I thought I read somewhere that villagers got reset back to vanilla when they moved to a new island? Does that not apply to their interiors and clothes?


----------



## Underneath The Stars (Jun 27, 2020)

Miss Misty said:


> I thought I read somewhere that villagers got reset back to vanilla when they moved to a new island? Does that not apply to their interiors and clothes?



i think that only applies for starter villagers, but i'm not so sure too though.. i would love to know


----------



## coffee biscuit (Jun 27, 2020)

Cosmic_Crossfade said:


> Thank you! I appreciate you giving me some insight! I was wondering what it meant haha Do people still like villagers that are "gifted"? Do those gifts you give villagers last?

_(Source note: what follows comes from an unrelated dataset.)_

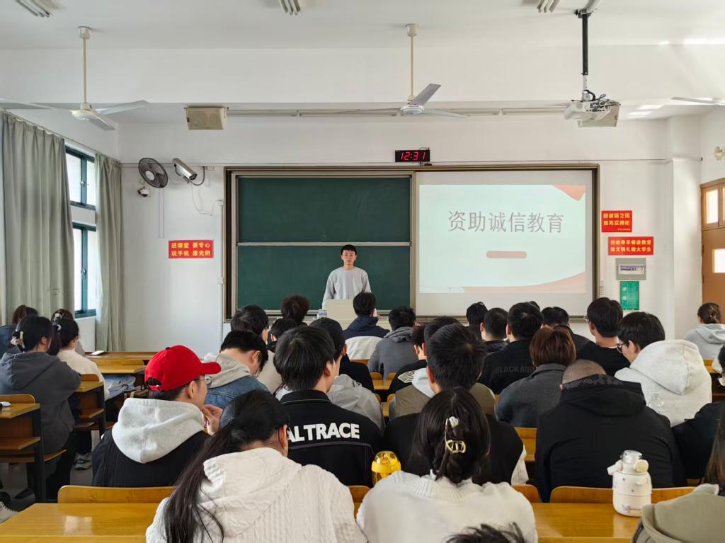班会现场,辅导员唐国平围绕国家助学贷款政策细则、还款流程、逾期后果等关键内容展开详细解读,结合真实案例生动阐释了诚信还贷对个人征信、职业发展及社会信用体系建设的重要意义。同时面向低年级员工,强调了在校期间诚信履约、珍惜信用记录的重要性,引导其树立 “诚信立身、守信做事” 的价值观。

No problem  Some people don't mind gifted villagers, they just care about having the villager itself. I don't think villagers ever completely get rid of clothes that have been given to them and I'm not sure if they keep their old furniture or not. I know getting them to change their clothes can be a pain.


Miss Misty said:


> I thought I read somewhere that villagers got reset back to vanilla when they moved to a new island? Does that not apply to their interiors and clothes?


I don't think this is entirely true cause I saw some posts where people shared their newly adopted villager wearing weird custom designs that were given to them. (like one where Audie was wearing a shirt that said "lil hoe", and Roald wearing a pink bikini...) I think the catchphrase resets, but I'm not sure about the furniture.


----------



## Mick (Jun 27, 2020)

Personally I've gotten a Flora that had been heavily gifted with clothes but I didn't mind it at all, they all looked so good on her and the previous player clearly put a lot of thought and effort in it. I even kinda liked the surprise of seeing all her different outfits 

I don't know what happens with their furniture, I've been told that starter homes get upgraded to original interiors, but I don't have much experience with trading villagers onto my island. I certainly haven't had anyone move in with furniture that wasn't original.


----------



## Etown20 (Jun 27, 2020)

I don’t know for sure how it all works, but here is my experience:

I adopted Audie a couple months back and she had a hat and some outfits from her previous island. The outfits weren’t offensive but didn’t really fit her island theme. She eventually gave me the hat but would still wear the outfits every once in a while. I gifted her a bunch of new outfits and I think I’m near max tier friendship now. She hasn’t worn the old outfits in a while. I think they are still in her wardrobe though.

Also - villagers sometimes leave a clothing item in the recycle bin when they move, so sometimes one outfit might not carry over. I gave Beau two clothing items and when I let him go, one was in my recycle bin.


----------